At first, it seems like the image of soldiers is just one more instance of Graves saying that children experience things differently than adults. But in reality, these soldiers introduce a whole dimension of adult life that struck very deep at the core of Graves' personal experience. Graves himself was a soldier in World War One, and the experience of fighting left him traumatized and fragile. In fact, the only way he could recover from the horrors of WWI was to talk about his experiences and to make sense of them by putting them into words. As you can probably imagine, this experience is reflected in the ideas Graves expresses in "The Cool Web."

When he first mentions "the tall soldiers drumming by" (4), Graves suggests that children don't really understand all of the significance that's attached to the soldiers. The children don't understand the horrors of war or the complicated historical reasons why countries go to war in the first place. But Graves is also implying here that the reality of war is something that adults constantly have to come to terms with, and that adults can only do this by putting their opinions and experiences into words—hey, kind of like Graves is doing by writing this poem.

Soldiers' Timeline

  • Line 4: When the soldiers first pop up in this poem, they seem like they're just another example of something children don't have the ability to talk about. In this sense, the soldiers are "dreadful," but no more dreadful than the hot day or "the scent of the summer rose" (2). 

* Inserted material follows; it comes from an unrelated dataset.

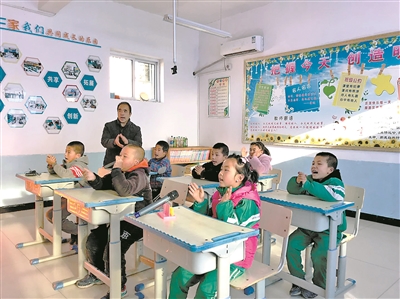 馬浩楠拿起話筒,跟著老師的節(jié)拍響亮地唱起了兒歌《動物說話》,3個教室同時響起掌聲。
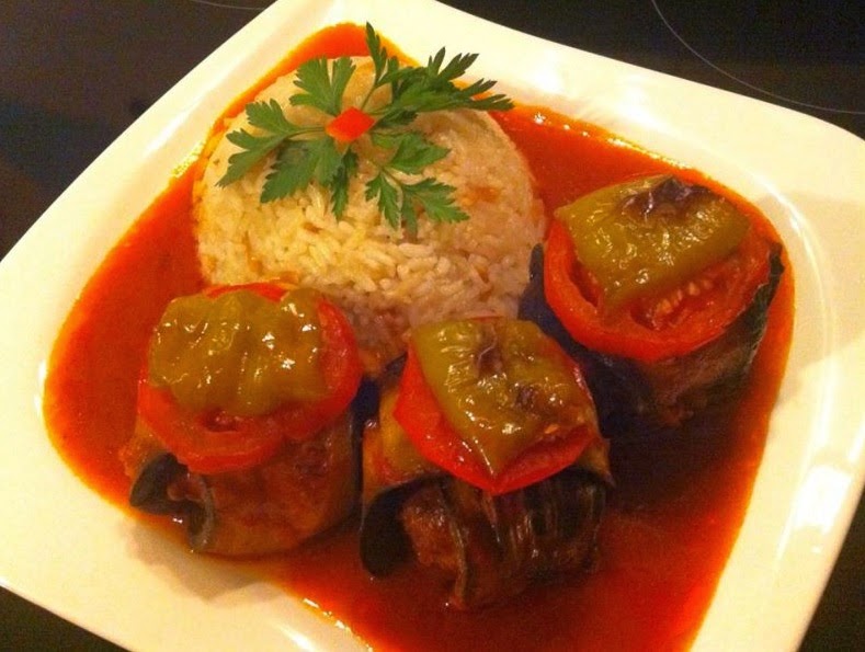 - Svaku uvijenu ćufticu prekriti sa šnjiticom paradajza, zatim komadićem paprike, kao što je na slici.

  • Line 8: Graves has mentioned the "dreadful soldiers" once already by mentioning how kids don't know how to make sense of them. But here, he talks about "our" relationship to the soldiers and says that, through language, we're able to "spell away the soldiers and the fright" (8). In other words, we can think of scary soldiers and make sense of their existence through words, reminding ourselves that war has always been a part of history and that the soldiers are there to protect us. 

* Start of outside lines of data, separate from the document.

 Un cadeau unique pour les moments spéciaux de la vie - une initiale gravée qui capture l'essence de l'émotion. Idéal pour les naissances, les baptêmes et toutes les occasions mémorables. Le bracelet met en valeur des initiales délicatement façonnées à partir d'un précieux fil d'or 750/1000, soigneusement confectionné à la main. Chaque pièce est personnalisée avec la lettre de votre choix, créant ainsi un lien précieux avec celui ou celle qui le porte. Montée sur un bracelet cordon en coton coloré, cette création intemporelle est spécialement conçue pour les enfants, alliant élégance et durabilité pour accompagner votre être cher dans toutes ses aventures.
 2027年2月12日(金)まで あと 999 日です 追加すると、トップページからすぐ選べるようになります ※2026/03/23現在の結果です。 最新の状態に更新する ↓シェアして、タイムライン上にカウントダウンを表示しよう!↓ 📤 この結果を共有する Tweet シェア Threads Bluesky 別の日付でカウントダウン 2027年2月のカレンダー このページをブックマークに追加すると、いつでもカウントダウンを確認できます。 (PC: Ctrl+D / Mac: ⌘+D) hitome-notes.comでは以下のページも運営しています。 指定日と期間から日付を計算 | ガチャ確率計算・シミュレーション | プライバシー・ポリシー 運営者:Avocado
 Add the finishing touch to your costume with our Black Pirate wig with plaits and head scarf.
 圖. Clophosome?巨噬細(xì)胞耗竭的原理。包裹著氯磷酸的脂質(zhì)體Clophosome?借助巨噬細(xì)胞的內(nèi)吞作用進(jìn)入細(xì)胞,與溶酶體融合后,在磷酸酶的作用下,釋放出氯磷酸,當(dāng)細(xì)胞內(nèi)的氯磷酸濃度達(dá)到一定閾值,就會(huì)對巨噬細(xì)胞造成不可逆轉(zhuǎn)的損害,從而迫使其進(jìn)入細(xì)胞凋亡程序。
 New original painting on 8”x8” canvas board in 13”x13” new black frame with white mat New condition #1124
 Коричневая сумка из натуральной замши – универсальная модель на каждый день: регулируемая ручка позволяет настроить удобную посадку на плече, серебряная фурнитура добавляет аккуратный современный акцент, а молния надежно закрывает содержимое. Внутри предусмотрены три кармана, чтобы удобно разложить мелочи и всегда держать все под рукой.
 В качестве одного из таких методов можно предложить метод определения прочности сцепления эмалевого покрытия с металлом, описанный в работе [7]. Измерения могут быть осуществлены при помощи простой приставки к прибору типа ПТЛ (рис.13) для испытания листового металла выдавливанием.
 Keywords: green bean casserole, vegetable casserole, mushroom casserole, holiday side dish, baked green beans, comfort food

  • Lines 17-18: By this point in the poem, Graves has suggested that language might be a bad thing, since it tends to dull our experience of the world. But in the final lines of the poem, he says that if we didn't have language to help us rationalize our lives, we'd have to face "the dark sky and the [war] drums" (17) directly, and we'd probably "go mad no doubt and die that way" (18). In other words, he's saying that our experiences would be way too horrifying and overwhelming if we didn't have a way of filtering them out. Just imagine if you suddenly got it with all of the horrors and suffering that are going on in the world. You'd probably go totally crazy. In the words of T.S. Eliot, "humankind cannot bear very much reality," so we need language to help us filter it.